(Source material Opens)
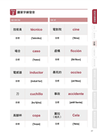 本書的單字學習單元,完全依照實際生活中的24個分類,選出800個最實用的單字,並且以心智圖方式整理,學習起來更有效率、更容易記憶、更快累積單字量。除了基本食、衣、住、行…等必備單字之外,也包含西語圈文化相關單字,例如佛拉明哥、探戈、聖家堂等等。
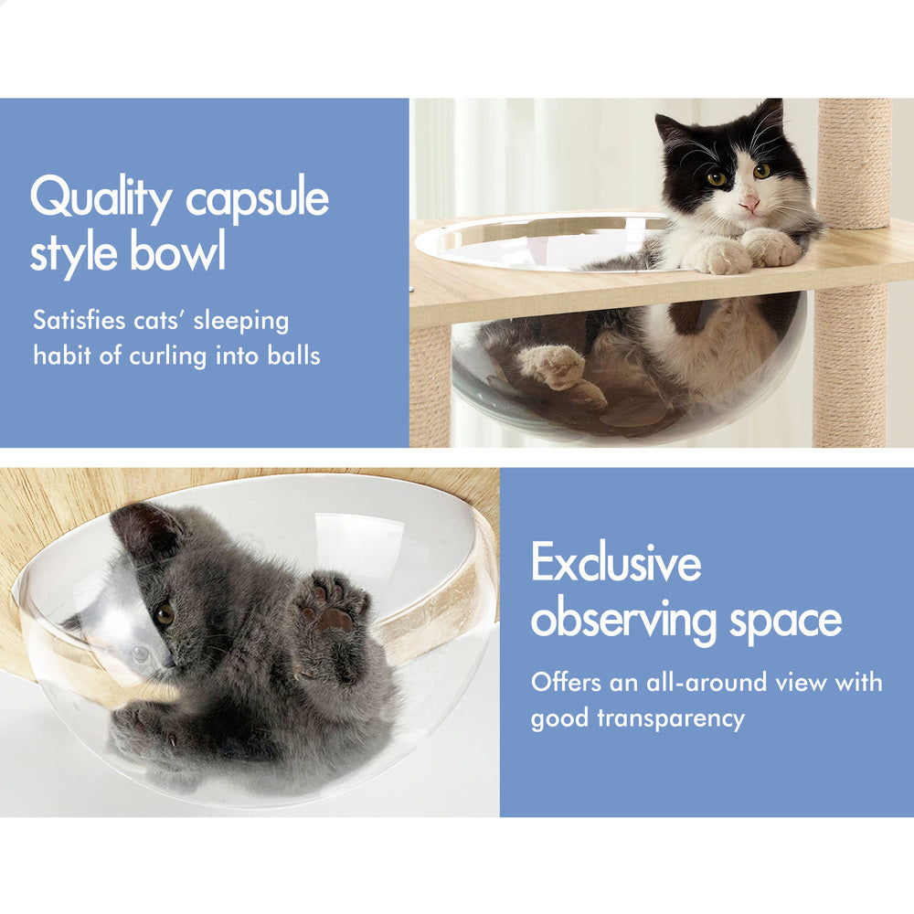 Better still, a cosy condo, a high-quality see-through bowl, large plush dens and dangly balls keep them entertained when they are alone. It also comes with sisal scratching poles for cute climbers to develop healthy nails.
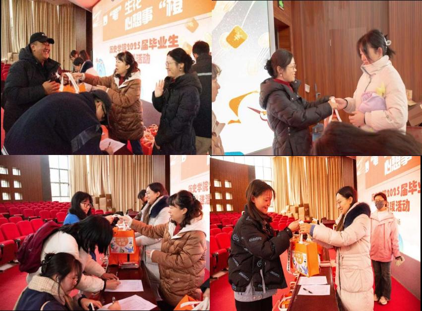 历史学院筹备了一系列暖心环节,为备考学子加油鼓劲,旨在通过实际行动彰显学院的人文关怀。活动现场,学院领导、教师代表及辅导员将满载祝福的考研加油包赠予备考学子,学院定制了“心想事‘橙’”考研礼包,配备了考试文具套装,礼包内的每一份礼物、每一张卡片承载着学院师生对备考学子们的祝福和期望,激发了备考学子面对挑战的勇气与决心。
(Source material Closes)
§ **Your task**
Transcribe all of the lines above exactly as given. The pictures stay out.

§ **Your solution**
 本書的單字學習單元,完全依照實際生活中的24個分類,選出800個最實用的單字,並且以心智圖方式整理,學習起來更有效率、更容易記憶、更快累積單字量。除了基本食、衣、住、行…等必備單字之外,也包含西語圈文化相關單字,例如佛拉明哥、探戈、聖家堂等等。
 Better still, a cosy condo, a high-quality see-through bowl, large plush dens and dangly balls keep them entertained when they are alone. It also comes with sisal scratching poles for cute climbers to develop healthy nails.
 历史学院筹备了一系列暖心环节,为备考学子加油鼓劲,旨在通过实际行动彰显学院的人文关怀。活动现场,学院领导、教师代表及辅导员将满载祝福的考研加油包赠予备考学子,学院定制了“心想事‘橙’”考研礼包,配备了考试文具套装,礼包内的每一份礼物、每一张卡片承载着学院师生对备考学子们的祝福和期望,激发了备考学子面对挑战的勇气与决心。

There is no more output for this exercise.